At page 834 - 836 of the report the Court discussed the
“1997
Code of Practice and the Attorney General’s new guidelines”
which apply in that jurisdiction. This suggests an approach not dissimilar in
principle to that which this Court supported in
Braddish.
Firstly, the Divisional Court observed that:-
26. There
is also provision for obtaining of possible material evidence which is in the
possession of third parties, and, at paragraph 20, to the effect that in
resolving the question of whether particular material should be obtained and
disclosed, any doubt should be resolved in favour of doing so.
27. According
to the report in
Ebrahim,
these guidelines are said to
“preserve
and amplify
common
law rules”.
While
I have not had the opportunity of reading the guidelines any further than they
appear in the report, that statement appears to be true.

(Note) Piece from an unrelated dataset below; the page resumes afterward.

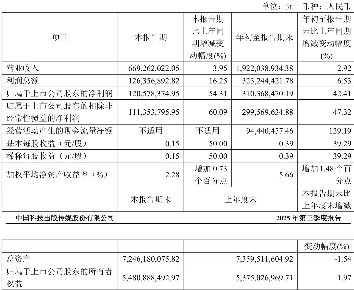 中证智能财讯中国科传(601858)10月31日披露2025年第三季度报告。前三季度公司实现营业总收入19.22亿元,同比增长2.92%;归母净利润3.1亿元,同比增长42.41%;扣非净利润3亿元,同比增长47.32%;经营活动产生的现金流量净额为9444.05万元,同比增长129.19%;报告期内,中国科传基本每股收益为0.39元,加权平均净资产收益率为5.66%。

From one of the
cases cited later in the report, it also appears that, at least in some police
districts in the United Kingdom, constables’ notebooks include a common
form for taking particulars of alleged crimes, which features a box to be
ticked as to whether there is, or is not, a possibility of video evidence.
28. It
appears to me that, both in relation to video evidence and more generally,
there is a good deal to be said for adopting guidelines of the sort referred to
in
Ebrahim.
29. In
general, I agree with the statement of the facts of this case in the judgment
about to be delivered by Mr. Justice Fennelly. It seems particularly important
that there was a video system in operation on the premises allegedly robbed,
consisting of a number of cameras covering the forecourt, the inside of the
shop and the till area including the security hatch. The owner also said that
there was a standard procedure in the event of a robbery: the Gardaí
would be notified and they would arrive and view the video. The tape would
then be given to the Gardaí. The owner was certain that the video
system was in operation at the time of the robbery and was
“likely
to have captured the events immediately prior to and subsequent to same,
including the culprits moving to and from the said hatch area”.
30. Unfortunately,
the premises in question have been the subject of so many robberies that the
owner could not recall this particular one specifically but he said that the
same procedure was usually followed and that the Gardaí were fully aware
of the video surveillance system and had taken away video tapes in respect of
less serious events.
31. On
this basis there is ample support for the learned trial judge’s finding
that it was more likely than not that the Gardaí were given the video
tapes. This, however, is hard to reconcile with the evidence of Detective
Garda Kenny that the video
“was
never given to or obtained by any member of the Garda Síochána
connected with the investigation of this case or otherwise”.
32. The
Garda who made this averment did not attend at the filling station on the night
of the robbery. A suggestion in the course of the hearing of this appeal that
it might be adjourned to allow evidence from the Guards who did attend to be
obtained was not availed of by the respondent.
33. It
seems to me that the video tape is certainly relevant material on a common
sense basis and is also relevant within the meaning of the U.K. guidelines
quoted above. It is plainly capable of
“having
a bearing or potential bearing on the issue of guilt or innocence”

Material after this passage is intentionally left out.